Shortly after Pearl Harbor, President Franklin Delano Roosevelt (FDR) met with English Prime Minister Winston Churchill to decide how the forces of the Allies should take action against the Axis powers — Germany, Italy, and Japan — during World War II. By working together, the Allied forces were able to win World War II through coordinated actions and combined military forces.
Allied forces strategy during World War II
The most pressing threat, the Allieds decided in the beginning, was Hitler’s Germany. The German army seemed to be on the brink of defeating the Soviet army, its one-time ally. If the Russians fell, Germany could turn its full attention to Britain.
Soviet dictator Josef Stalin wanted the Allies to launch an invasion of German-held Europe as soon as possible, because Russia was being mauled by the Germans. But Churchill wanted to nibble at the edges of the German empire while bombing Germany from the air, and FDR went along with the Brits.

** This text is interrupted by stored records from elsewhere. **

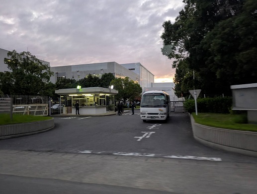 つづいて三菱重工の小牧北工場に移動。ここでは陸上自衛隊の12式地対艦ミサイル能力向上型(これまでのものは長さ5mで射程距離200キロ、能力向上型は長さ9メール射程距離900キロなので両者はまるで別物)などが生産されている。夕方のラッシュのためにここではスタンディングの時間がとれず、とてつもなく広い敷地を外からながめるだけとなる。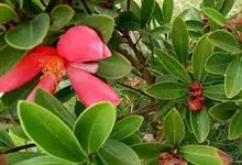 滇山茶:灌木至小乔木,有时高达15米,嫩枝无毛。叶阔椭圆形,上面干后深绿色,发亮,下面深褐色,无毛,侧脉6-7对,边缘有细锯齿。花顶生,红色,直径10厘米,无柄;苞片及萼片10-11片,花瓣红色,…全部>>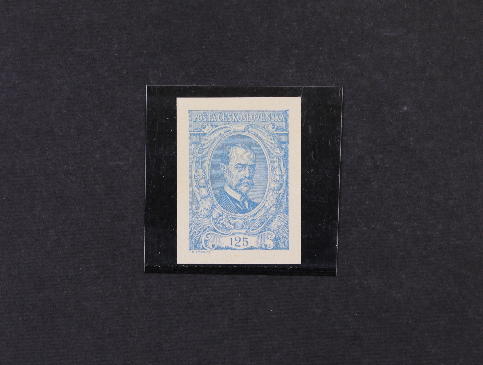zn. č. 140a ultramarin typ II, 125h TGM ultramarin, v pravém horním rohu pod písmeny SK nepatrně zeslabený papír

FDR, Churchill, and Stalin managed to put their sharp differences aside and generally cooperate. That proved to be a key ingredient in the Allies’ ultimate success. The trio met several times during the war to plot strategy and negotiate about what the world would be like after the war.
The most important of the meetings of FDR, Churchill, and Stalin actually came toward the end of the war at Yalta, a former palace on the Black Sea in the Soviet Union.

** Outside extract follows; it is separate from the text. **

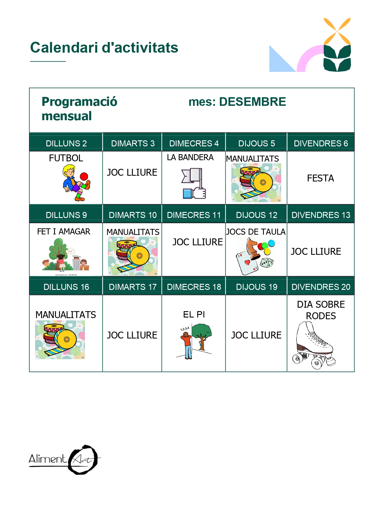Aquí podeu consultar el calendari amb totes les activitats que tenim preparades per als migdies al menjador durant el mes de desembre. Cada setmana hem organitzat diferents dinàmiques, jocs i propostes, perquè els nens i nenes gaudeixin d’estones divertides i enriquidores durant l’estona de menjador.

FDR came to Yalta hoping to establish the groundwork for a practical and powerful United Nations, to be formed after the war, and also to convince the Russians to enter the war against Japan and help speed up the end of the war.
Stalin eventually agreed, but at a price. In return, the Soviet dictator got the other two to agree to give the Soviets control over broad areas of Europe and a promise that each of the major nations on the UN Security Council would have veto power over council decisions.

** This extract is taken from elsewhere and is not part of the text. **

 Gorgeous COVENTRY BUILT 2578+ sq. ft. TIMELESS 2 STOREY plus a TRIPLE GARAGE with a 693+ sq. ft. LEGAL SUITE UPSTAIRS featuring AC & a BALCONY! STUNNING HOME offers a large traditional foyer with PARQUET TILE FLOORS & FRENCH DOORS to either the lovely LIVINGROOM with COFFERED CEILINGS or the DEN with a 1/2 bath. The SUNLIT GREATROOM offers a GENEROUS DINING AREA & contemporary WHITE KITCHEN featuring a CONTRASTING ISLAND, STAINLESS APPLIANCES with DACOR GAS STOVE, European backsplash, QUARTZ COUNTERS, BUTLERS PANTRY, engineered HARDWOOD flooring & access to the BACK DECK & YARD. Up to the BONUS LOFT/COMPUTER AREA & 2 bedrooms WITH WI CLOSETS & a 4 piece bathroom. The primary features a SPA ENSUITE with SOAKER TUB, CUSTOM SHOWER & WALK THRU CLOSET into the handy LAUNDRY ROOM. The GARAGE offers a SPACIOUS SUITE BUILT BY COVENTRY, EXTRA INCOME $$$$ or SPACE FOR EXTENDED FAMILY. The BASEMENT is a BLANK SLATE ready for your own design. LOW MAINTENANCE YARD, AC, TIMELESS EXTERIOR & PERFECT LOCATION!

Allied forces make pivotal moves against German strategy
One of the most immediate problems was dealing with the menace posed by German submarines, or U-boats, in the Atlantic. Traveling in packs, the subs sank three million tons of Allied shipping in the first half of 1942 alone. But the Allies worked out a system of convoys and developed better anti-sub tactics. Most importantly, they built far more cargo ships than the Germans could possibly sink.
In the summer of 1942, Allied planes began bombing targets inside Germany. Eventually, the bombing would take a terrible toll. In 1943, 60,000 people were killed in the city of Hamburg, and the city of Dresden was all but destroyed.
In the fall of 1942, Allied armies, under a relatively obscure American commander named Dwight D. Eisenhower, launched an attack in North Africa against Hitler’s best general, Erwin Rommel. The green American troops were whipped soundly at the Kasserine Pass in Tunisia in February 1943. But with bitter experience under their belts, U.S. forces combined with troops from Britain, Australia, and New Zealand to drive the Axis armies out of Egypt by mid-May.
From Africa, the Allies invaded Sicily, and then advanced into the Italian mainland. Mussolini was overthrown and eventually executed by his own people. But the German army poured troops into the country and it took until the end of 1944 for Italy to be completely controlled.
On the Eastern Front, meanwhile, the Russian army gradually had turned the tables on the invading Germans and begun pushing them back, despite staggering civilian and military losses. And in England, the Allies, under the leadership of Eisenhower, were preparing the greatest invasion force the world had ever seen, D-Day.